§ **Your assignment**
Nothing but the lines from the first line of the records through the line with "鎌 有沙さんの天格は18画の4点!" should be output, exactly as written and free of pictures.

§ **Dataset excerpts**

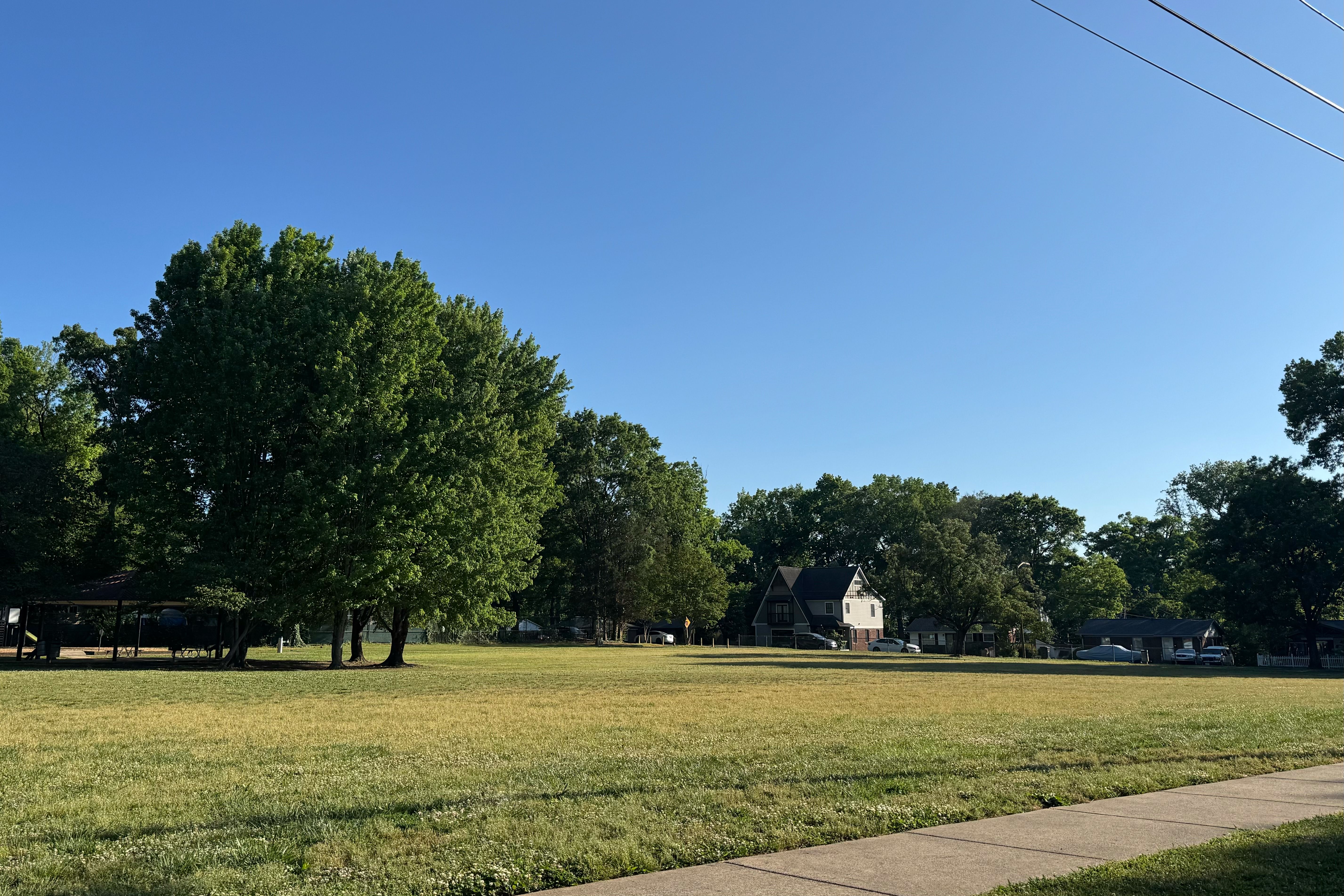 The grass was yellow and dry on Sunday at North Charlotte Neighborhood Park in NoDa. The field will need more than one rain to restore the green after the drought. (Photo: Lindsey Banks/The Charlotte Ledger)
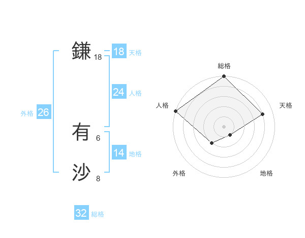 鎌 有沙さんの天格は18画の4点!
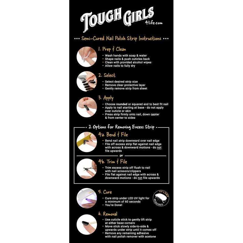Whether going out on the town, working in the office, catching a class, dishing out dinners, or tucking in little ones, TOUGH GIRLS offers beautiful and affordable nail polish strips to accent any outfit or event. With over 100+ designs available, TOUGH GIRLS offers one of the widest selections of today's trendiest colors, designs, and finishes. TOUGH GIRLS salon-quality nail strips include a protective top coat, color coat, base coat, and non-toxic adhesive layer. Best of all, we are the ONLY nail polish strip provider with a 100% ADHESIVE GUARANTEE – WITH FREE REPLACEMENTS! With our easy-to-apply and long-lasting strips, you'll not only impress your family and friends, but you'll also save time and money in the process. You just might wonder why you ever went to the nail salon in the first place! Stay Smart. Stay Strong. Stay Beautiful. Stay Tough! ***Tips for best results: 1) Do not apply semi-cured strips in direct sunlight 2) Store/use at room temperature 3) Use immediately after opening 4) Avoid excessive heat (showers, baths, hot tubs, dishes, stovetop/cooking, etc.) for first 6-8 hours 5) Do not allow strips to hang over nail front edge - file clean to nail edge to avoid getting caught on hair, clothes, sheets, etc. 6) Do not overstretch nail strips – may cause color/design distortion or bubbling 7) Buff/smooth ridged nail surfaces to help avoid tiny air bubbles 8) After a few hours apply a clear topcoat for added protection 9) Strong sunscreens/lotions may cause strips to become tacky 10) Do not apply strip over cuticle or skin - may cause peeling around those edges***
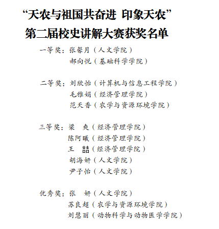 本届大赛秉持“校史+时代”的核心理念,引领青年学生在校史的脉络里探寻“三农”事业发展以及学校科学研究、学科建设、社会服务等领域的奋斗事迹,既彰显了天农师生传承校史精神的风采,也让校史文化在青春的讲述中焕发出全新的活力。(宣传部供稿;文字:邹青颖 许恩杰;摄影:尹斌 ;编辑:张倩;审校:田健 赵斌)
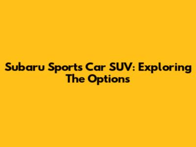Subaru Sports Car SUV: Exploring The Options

§ **Written answer**
 The grass was yellow and dry on Sunday at North Charlotte Neighborhood Park in NoDa. The field will need more than one rain to restore the green after the drought. (Photo: Lindsey Banks/The Charlotte Ledger)
 鎌 有沙さんの天格は18画の4点!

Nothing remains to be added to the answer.